■ **The problem**
Reproduce, without alteration, every line of the data; exclude the images.
Data below Block Start
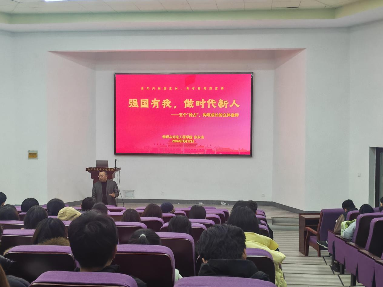 3月12日,物理与光电工程学院党委副书记张永杰以《强国有我,做时代新人》为题,为2025级学生讲授了一堂内容丰富、思想深刻的形势与政策课,课程围绕“五个‘抢占’”展开,引导青年学生在网络空间、教室、操场、图书馆和实验室五个关键领域中主动作为、奋发成长,争做担当民族复兴大任的时代新人。
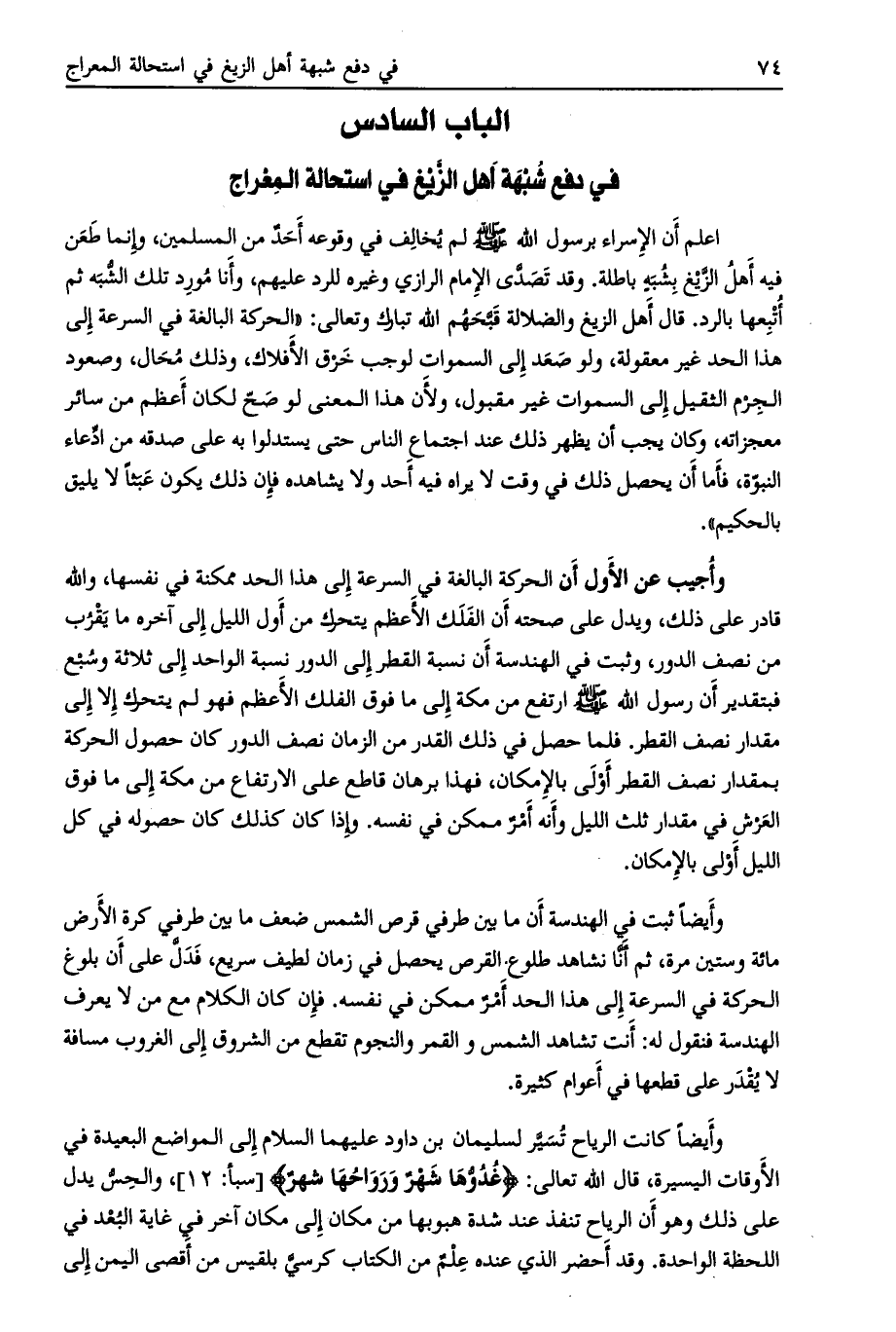 الباب السادس في دفع شبهة أهل الزّيغ في استحالة المعراج
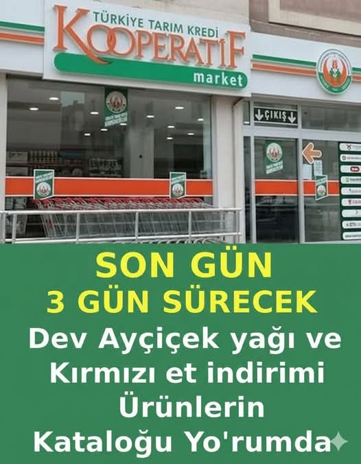 3 Gün sürecek Tarım kredi marketlerinde dev indirim başlıyor. Ayçiçek yağı ve Kırmızı ette inanılmaz indirim. Katalog ve Ayrıntılar Yo'rumdaFiyatların arttığı bu süreçte marketler tarafından yapılan indirim kampanyaları da dikkatle inceleniyor. Tarım Kredi Kooperatif marketleri herkesi kıskandıracak muhteşem bir indirimle geldi. 5 litrelik ayçiçek yağının fiyatı dibe vurdu. Yalnızca 3 gün sürecek kampanyanın son günü. İşte tüm detaylar
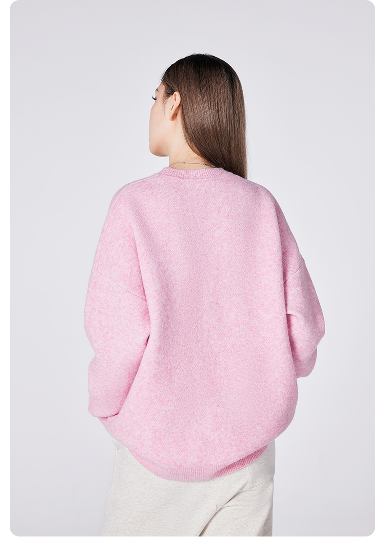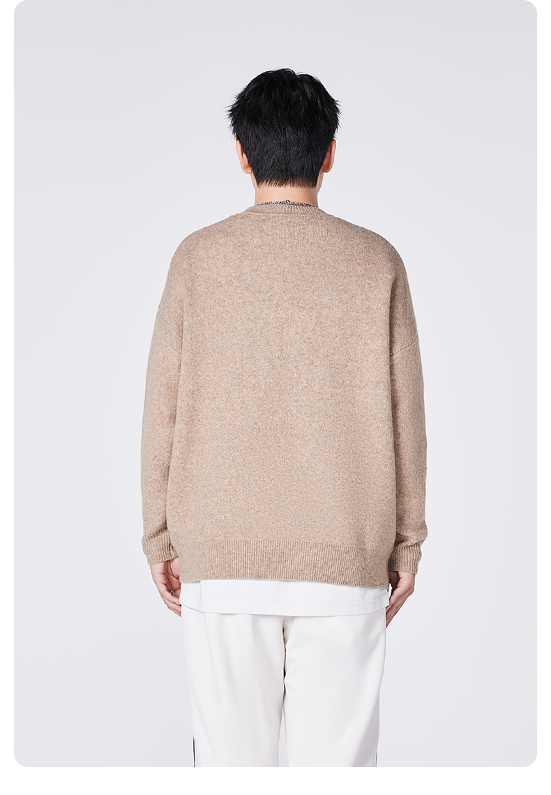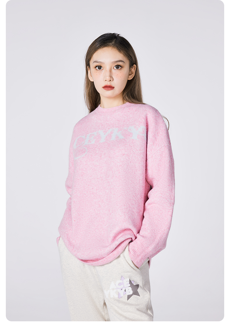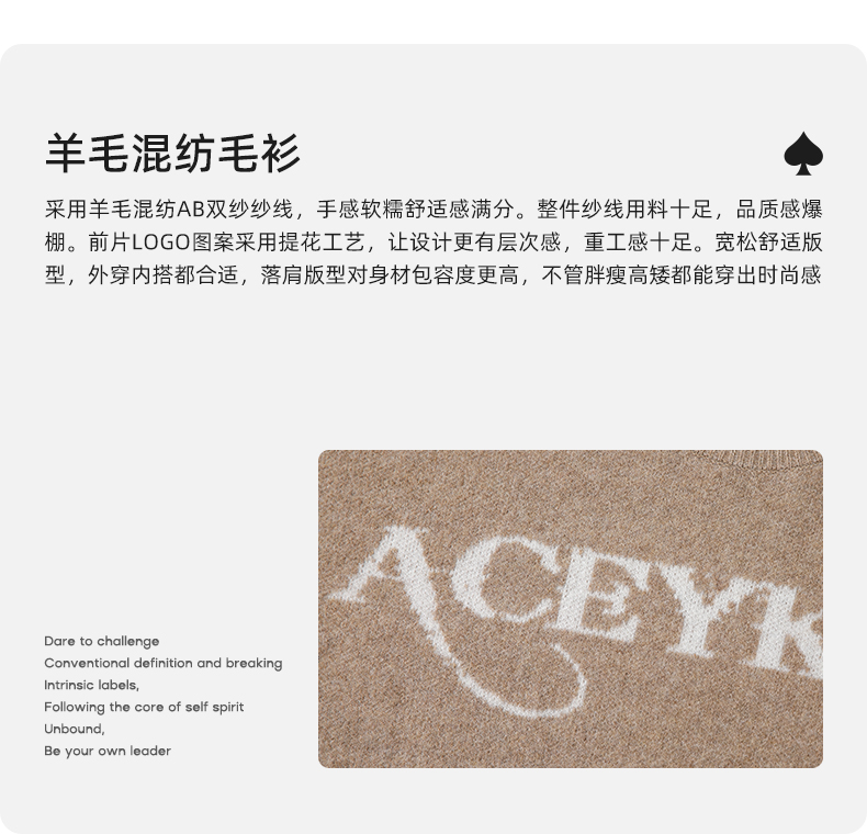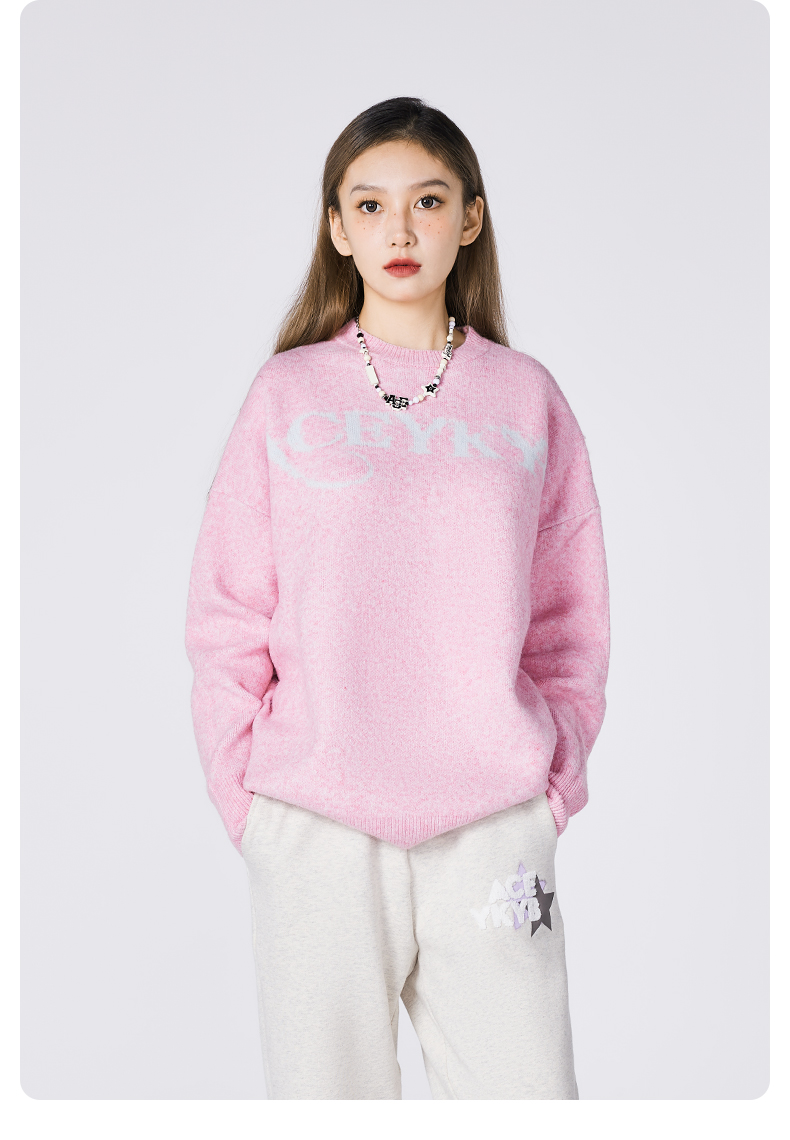 YKYB针织衫冬季潮牌LOGO提花圆领百搭外套羊毛混纺宽松落肩毛衣
Data below Block End
■ **Response**
 3月12日,物理与光电工程学院党委副书记张永杰以《强国有我,做时代新人》为题,为2025级学生讲授了一堂内容丰富、思想深刻的形势与政策课,课程围绕“五个‘抢占’”展开,引导青年学生在网络空间、教室、操场、图书馆和实验室五个关键领域中主动作为、奋发成长,争做担当民族复兴大任的时代新人。
 الباب السادس في دفع شبهة أهل الزّيغ في استحالة المعراج
 3 Gün sürecek Tarım kredi marketlerinde dev indirim başlıyor. Ayçiçek yağı ve Kırmızı ette inanılmaz indirim. Katalog ve Ayrıntılar Yo'rumdaFiyatların arttığı bu süreçte marketler tarafından yapılan indirim kampanyaları da dikkatle inceleniyor. Tarım Kredi Kooperatif marketleri herkesi kıskandıracak muhteşem bir indirimle geldi. 5 litrelik ayçiçek yağının fiyatı dibe vurdu. Yalnızca 3 gün sürecek kampanyanın son günü. İşte tüm detaylar
 YKYB针织衫冬季潮牌LOGO提花圆领百搭外套羊毛混纺宽松落肩毛衣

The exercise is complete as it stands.